Suddenly, without warning, three independent storms converged in uncharacteristic fashion and created the perfect storm. Black, eerie darkness descended, and we were the victims of a phenomenon at sea that no meteorologist could have predicted.

In the blink of an eye, our lives were in grave and serious danger. Being 10 nautical miles out, there was no hope of shelter. Gale force winds, 60-75 miles an hour, threatened to crash us into one of the rocky islands. Howling wind swirled in a 360-degree motion; vicious waves soared 16 feet high; visibility was reduced to 50 feet. Lightning danced all around our craft, and our overwhelming feeling was one of utter helplessness. 

The look on Larry's face confirmed our desperate plight. He was using all of his strength to steer the boat upright and to keep us alive. He cried out, “Oh Lord, SAVE US, PLEASE, SAVE US!” 

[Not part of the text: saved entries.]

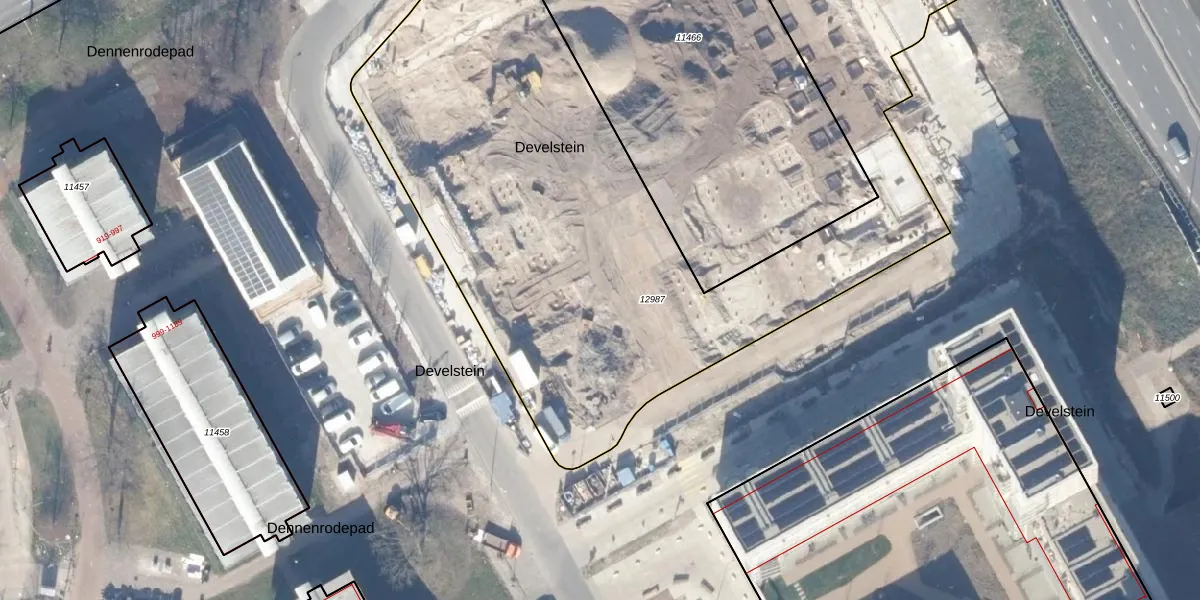 Het perceel waarop Develstein 82-G staat heeft een oppervlakte van 5873 m². Dit is een zeer groot perceel. De perceeloppervlakte wordt geregistreerd door het Kadaster. Gedetailleerde informatie over de maten van dit perceel kunt u vinden in het rapport Kadastrale kaart met maatvoering van Develstein 82-G.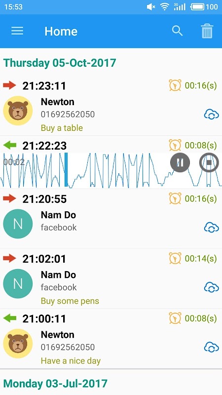 Note Call Recorder Full Free is an automatic call recorder which will help you to note call, block call and record call automatic with a simple interface, easy to use, clear voice: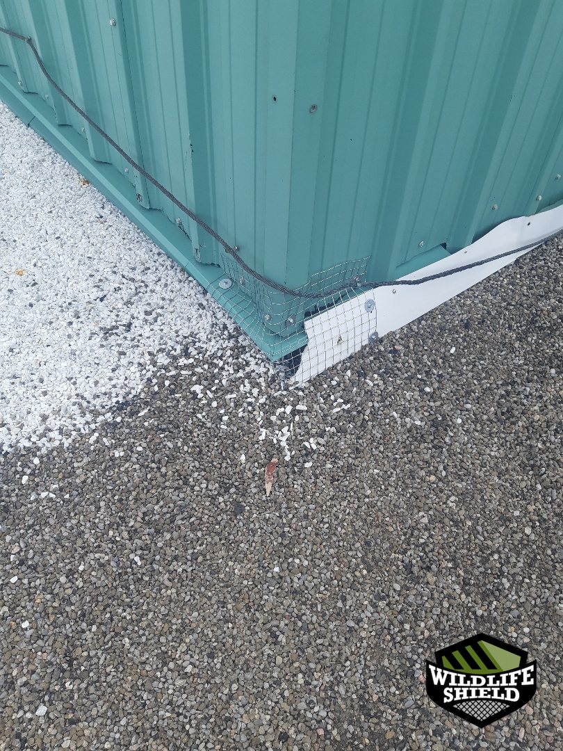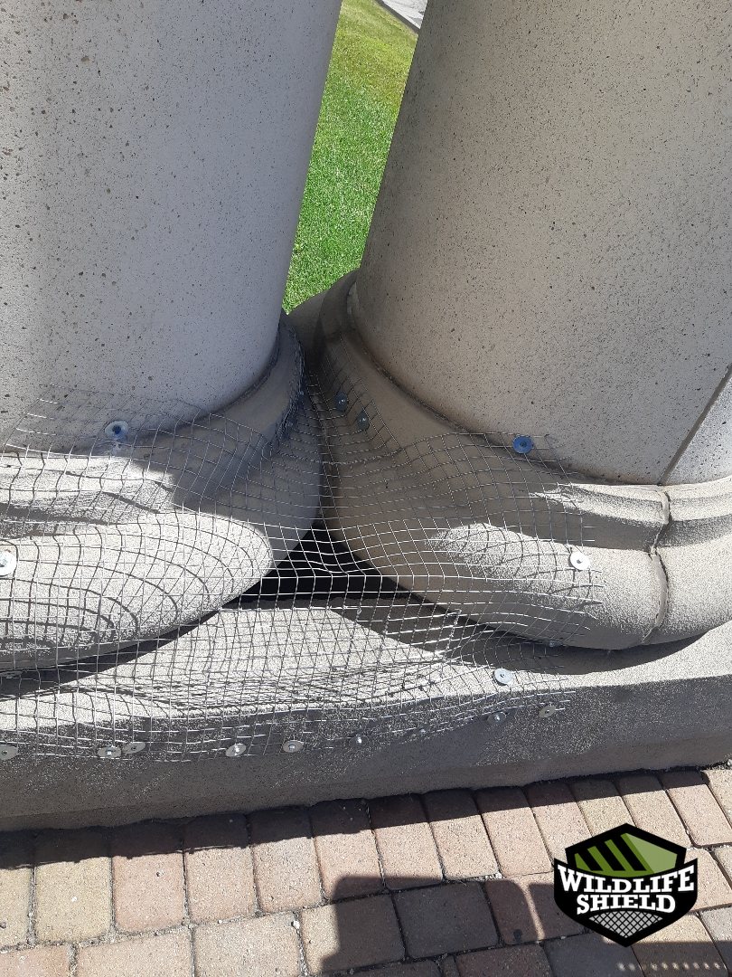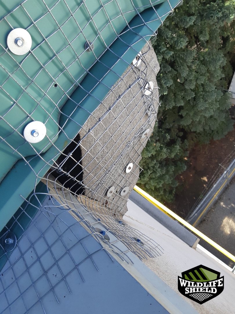 Once raccoon activity had ceased, all one-way doors were removed. Heavy-gauge galvanized screening was installed over the identified openings, including roofline gaps, pillar joints, and lower wall voids. The screening was mechanically fastened and contoured to the structure to provide long-term exclusion while maintaining building integrity.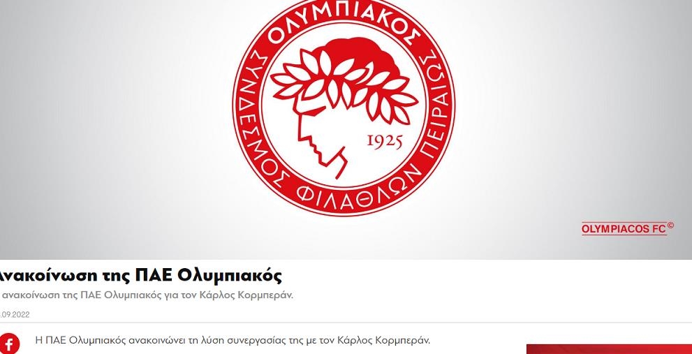 | ▲ 코르베란 감독과 동행이 끝났다고 밝힌 올림피아코스 [올림피아코스 홈페이지 캡처. 재판매 및 DB 금지] |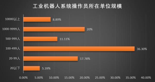 20人及以下占比5.39%,20-99人占比17.78%,100-499人占比36.3%,500-999人占比11.11%,10000-9999人及以上占比20%,10000以上的占比8.89%。工業(yè)機(jī)器人系統(tǒng)操作員所在企業(yè)規(guī)模分布均勻,大、中、小、微型公司都需要系統(tǒng)操作員推動(dòng)轉(zhuǎn)型。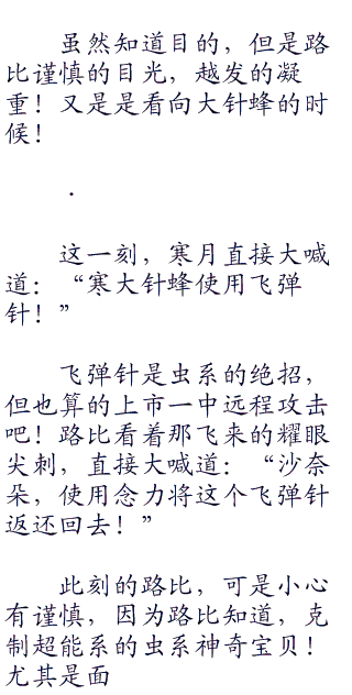 寒月,双眼看着那路比!而路比,在大针蜂的身上扫过一眼,双眼之中出现了一丝谨慎!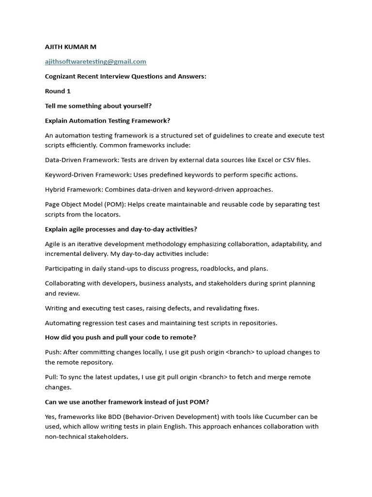 Cognizant Interview Questions Overview | PDF | Method (Computer ...

On board this boat were the six people that I held most dear; apart from a miracle, we faced a certain death at sea. The sense of isolation gripped us, and with each merciless wave, we braced for capsizing. Struggling to control her panic, my daughter verbalized what each of us felt, “I am doing everything that I can not to cry.” 

Never before or since have I lived through such an ongoing and extended period of dramatic threat to my life. I felt on the brink of eternity, and wondered which monstrous wave would be the one to take me to Jesus. 

It's odd the details one remembers about a crisis.

I remember the consuming darkness.

I remember the ongoing struggle of wrestling with the sheer panic.

I remember the mental tenacity required to focus. 

I remember the horrific sound of the glasses crashing together inside the cabinets.

And...

I remember the lifejackets were stowed in a completely inaccessible place

Another detail -

I remember feeling compelled to sing. Yet, somewhere into my list of hymns, a spokesman for the group asked for my singing to cease. The seriousness of the situation mandated  silence. 

And then…

I remember, 

... without announcement, an unsuspecting sliver of light broke through the ink-black darkness. Oh the glorious, blessed effect of God's gift of light! With this tiny break in the clouds, came a ray of hope that we actually might survive. Though we were not out of danger, we at least sensed the storm was beginning to subside. As the wind and lightning diminished, Larry navigated the boat into a protected cove. Once anchored, we breathed a collective sigh of relief and waited out the rest of the storm. Our lives had been on the brink of destruction, but God spared us.

With trembling bodies and frayed emotions, we finally emerged from our protected cove, and slowly sailed to a marina where we docked and set about putting our lives back together. The aftershock was extreme. We shivered, though bundled in blankets. We stared wide-eyed awake, though exhausted. Individual reflections from each of the six of us made it abundantly clear that the storm's impact on us would last long past the crisis itself. 

Later, the news bulletin classified this as the worst storm in 25 years, with the epicenter being at our exact location. Reports confirmed that eight boats had hull damage, three had broken masts, and three actually sank. We felt fortunate to have survived without tragedy.

Our storm at sea left me with a sobering life principle:

In the face of a storm, there is no time for preparation. Preparation must precede the need.

Larry had to call upon every ounce of his strength, training and skill to be able to handle the boat in this storm. Not a nanosecond was available to grab the manual and read the instructions.

Storms of Life, headaches and heartaches, are inevitable and show no respect for timing. They leave no time for preparation. I now live with a conviction: readiness comes from living a life of leaning on Jesus. 

" Then they cried out to the Lord in their trouble, and He brought them out of their distress. 

He stilled the storm to a whisper; the waves of the sea were hushed.

They were glad when it grew calm, and He guided them to their desired haven."

(Psalm 107: 28-31)

 Living With Eternal Intentionality®

When is the last time you found yourself in one of life’s storms and how did you mentally, physically, emotionally, and spiritually survive?

Are you in one of those storms at this very moment? Whom is God using to throw you a lifeline?